Something extraordinarily bright in space is pulsing far slower than most similar cosmic objects, and it may be a strange type of neutron star that we have never seen before
A view of the Milky Way from the Murchison Widefield Array.
The star icon shows the position of the mysterious pulsing object |
A mysterious object in space is pulsing in a way astronomers
have never seen before. It may be a strange neutron star – the remnant of a
massive star that has exploded. Examining celestial objects like it could help
us understand the death throes of stars.
Natasha Hurley-Walker at Curtin University in Perth, Australia, and her colleagues found this object using the Murchison Widefield Array (MWA), a radio telescope in Australia. After spotting a barrage of radio waves that seemed to appear and then disappear, they dug into archival data taken by the MWA in early 2018 and found 71 more pulses.

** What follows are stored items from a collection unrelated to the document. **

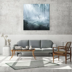 - Ein Hirsch steht im Waldnebel, beleuchtet von der Morgensonne. Diese stimmungsvolle, ruhige Komposition auf einem 70 x 50 cm großen horizontalen ARTTOR-Glasdruck eignet sich perfekt für von Natur und Minimalismus inspirierte Innenräume.
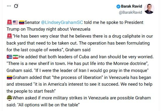 لیندزی گراهام، سناتور جمهوریخواه در گفتگو با اکسیوس گفت که پنجشنبه شب درباره عملیات ونزوئلا با دونالد ترامپ گفتگو کرده است.
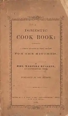 Malinda Russel has been coined as an influential member of Affrilachia because of the cookbook The Domestic Cookbook: Containing a Careful Selection of Useful Receipts for the Kitchen that she published and her "Washington Cake" that gained fame from its combination of citrus and spiced flavors.[21]
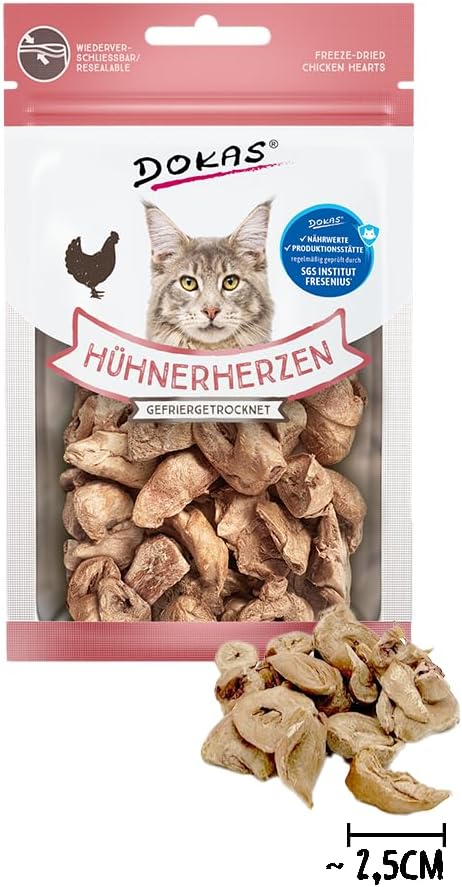 Lieferumfang: 6 x 15 g Dokas Hühnerherzen gefriergetrocknet, Premium-Leckerli in praktischer Häppchengröße zum Wiederverschließen, Ergänzungsfuttermittel für Katzen
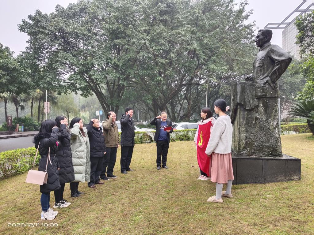A区周恩来雕像处面向中国共产党党旗重温入党誓词,感受中国共产党人为国家和民族命运奋斗的坚定与执着,感受中国共产党人为中国人民谋幸福、为中华民族谋复兴的初心和使命,感受作为新时代高校思想政治理论课党员教师的责任与担当。
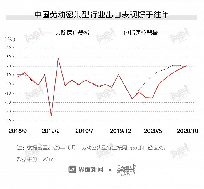 由于疫情控制良好,中国制造业复苏已经取得“先机”。疫情期间,中国外贸订单量持续增加,劳动密集型产品的出口在下半年的表现好于往年。如果中低收入国家2021年接种速度较慢,部分订单需求仍会留在中国,可继续支撑中国劳动密集型行业出口,拉动中国经济增长。同时,随着高收入国家疫情得到控制,中国的国际贸易也将得到进一步发展。
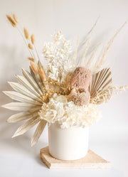 Featuring neutral dried flowers, including: dried hydrangea, sun palm, bunny tails, pampas grass, baby's breath, ruscus, palm spear, aveena and dried banksia. It comes in a matte white vase.
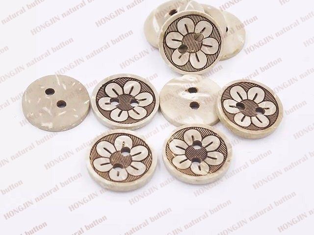 Coconut shell buttons has the natural eco-friendly feature,it takes a lot of grinding work.But after removes the hard shell,we could get a cream-colored spots embryo button,nature and beautiful,and coconut shell buttons easy to process into various shapes,even can be carved.Make it has been well received by the market.
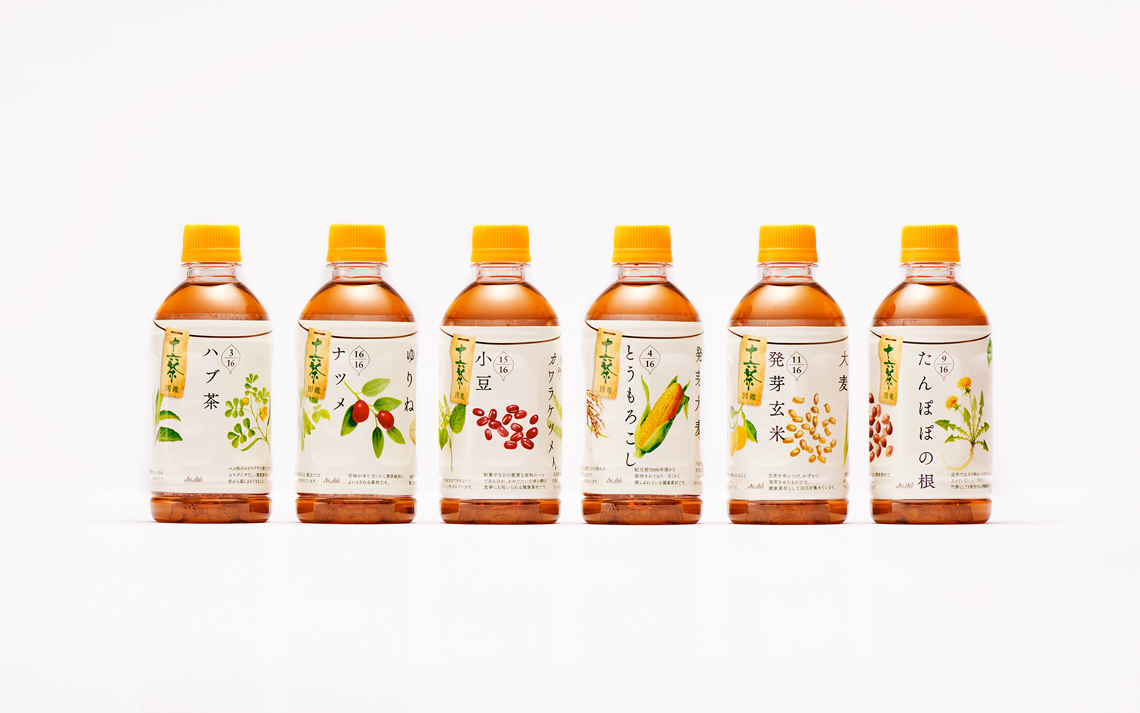 在6只瓶子上展示解說16種原料。采用這樣的設(shè)計(jì),是為了讓人們在品嘗和享用產(chǎn)品的同時(shí),獲得充滿生活氣息的愉悅感、柔和感以及培養(yǎng)健康體魄的智慧。
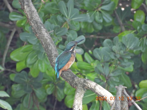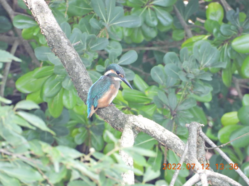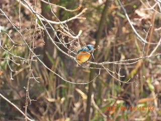 池を見ながら歩くと,枝から枝へ移る鳥が見えました。カワセミでした。
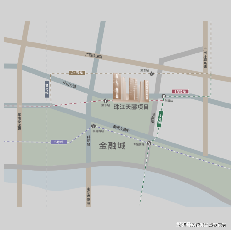项目私家连廊直通地铁13号线二期棠下站(预计2023年底通车,地铁联通口已预留,最终以政府部门规划为标准),10分钟抵达金融城交通枢纽,并以3+4+5超级交通枢纽,构建1小时湾区资本圈!
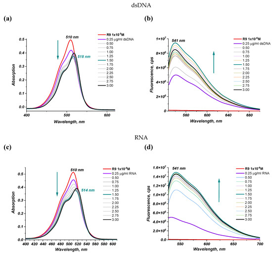 UV-VIS and fluorescence properties of dye R9 and its complexes with dsDNA (a,b) and RNA (c,d). The arrows represent the band intensity change upon an increasing NA concentration.

With each pulse, the object – named GLEAM-X
J162759.5-523504.3 and located about 4000 light years away – released huge
amounts of energy. “The brightness here is really crazy – really, really,
really extreme,” Hurley-Walker said in a press conference. “We did not expect
to find anything so bright.”
It pulsed with a regular rhythm, brightening for 30 to 60
seconds once every 18.18 minutes. Nothing with a rhythm similar to this has
been found before – most flashing radio objects in the sky pulse far faster,
brightening and disappearing again in a matter of seconds. “No one really
thought of looking for objects on this timescale because we couldn’t think of
any mechanisms that produce them, and yet they exist,” said Hurley-Walker.
The pulsing indicates that the object is probably spinning,
and other measurements of its light hint that it must have a powerful magnetic
field. This led the researchers to suspect that it may be a magnetar, a type of
neutron star with a particularly strong magnetic field, but it isn’t clear how
a magnetar could rotate so slowly and shine so bright.
“I was concerned that it was aliens, but… it is across a
very wide range of frequencies, and that means it must be a natural process –
this is not an artificial signal,” said Hurley-Walker. She and her colleagues
are now looking for more objects like this so we can figure out what they are.